Abstract
Selective electrical neurostimulation of the twelfth cranial nerve, hypoglossal nerve stimulation (HNS), which innervates both the intrinsic and the extrinsic tongue muscles, during sleep to restore or maintain upper airway patency in patients with obstructive sleep apnea (OSA) has a long history of research and development of over 35 years.

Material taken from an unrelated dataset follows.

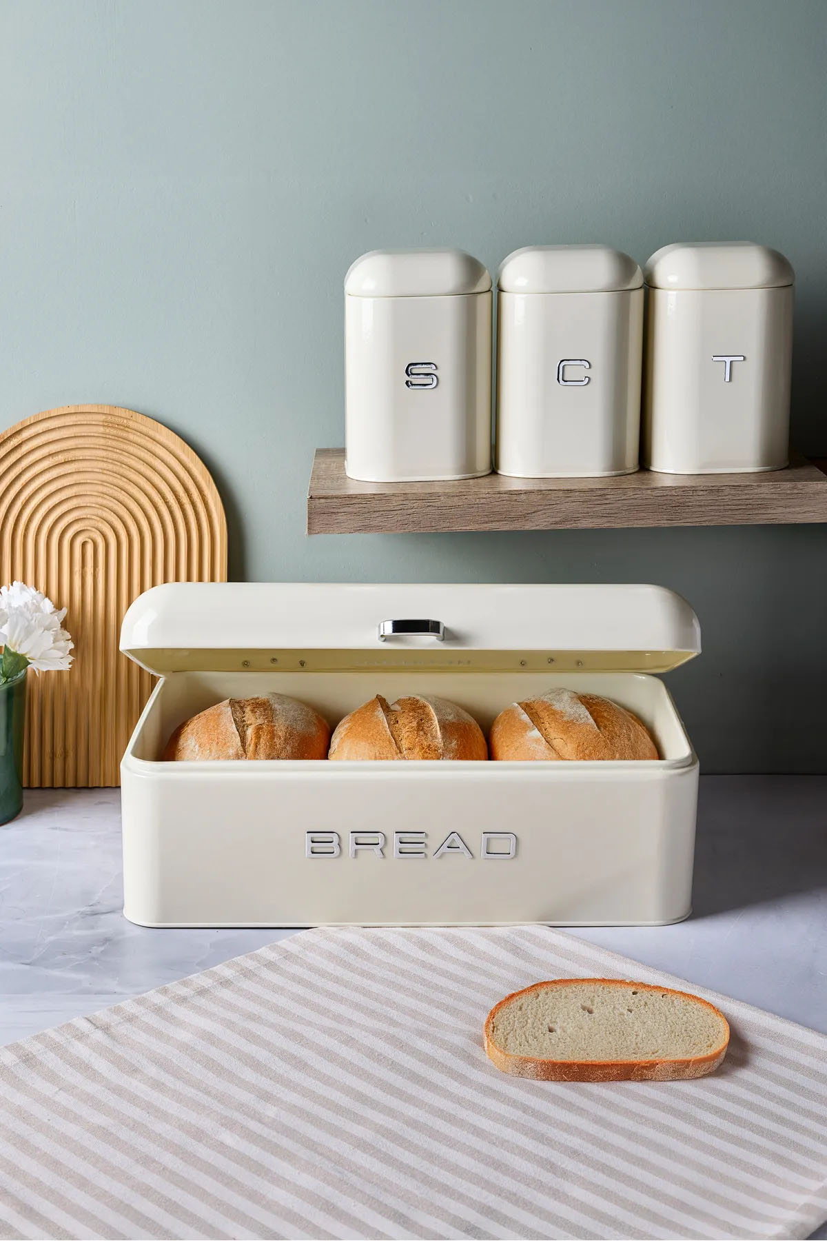 Mutfak düzeninizi pratik ve şık bir şekilde tamamlayacak krem rengi saklama seti, ekmek kutusu ve üç farklı boyutta saklama kabından oluşur. Gıda tazeliğini korumaya yardımcı olan dayanıklı yapısıyla, yiyeceklerinizi güvenle muhafaza ederken, modern tasarımı mutfağınıza zarif bir dokunuş katar.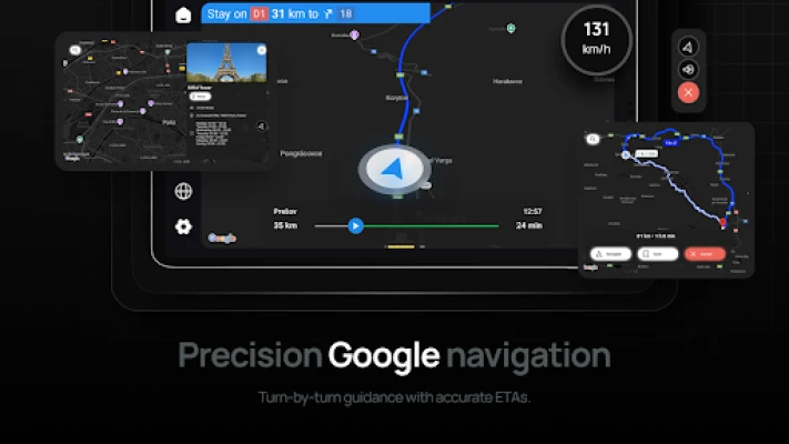 • Points of Interest (POI): find nearby gas stations, restaurants, hotels, and ATMs with one tap

The safety, feasibility and clinical effectiveness of different HNS systems have been explored in clinical trials over recent years. Currently, HNS using the Inspire IV device (Inspire Medical Systems, Minneapolis, MN, USA) remains the most evidence-based type of this innovative therapy in selected patients with moderate to severe OSA that are not able to use continuous positive airway pressure (CPAP) therapy. Other HNS systems are currently under investigation with the Genio device (Nyxoah SA, Mont-Saint-Guibert, Belgium) for bilateral neurostimulation of the terminal branches of the hypoglossal nerve submentally being studied in a FDA supervised pivotal trial, the DREAM study.
Evidence from the clinical trials clearly indicate that patient selection for HNS is crucial. This ground-breaking therapy should be offered to carefully selected patients in whom this non-CPAP therapy turns out to be highly effective. Apart from criteria on the severity of OSA and the degree of overweight and obesity, the absence of complete concentric collapse at the level of the palate during a drug-induced sleep endoscopy (DISE) seems to predict therapeutic success with implanted HNS therapy. Therefore, DISE is recommended as a patient selection tool for implantable neurostimulation therapy for the treatment of OSA.
This chapter provides a concise overview of the history and development of HNS for OSA over the years up to the current state of this innovative therapy anno 2021.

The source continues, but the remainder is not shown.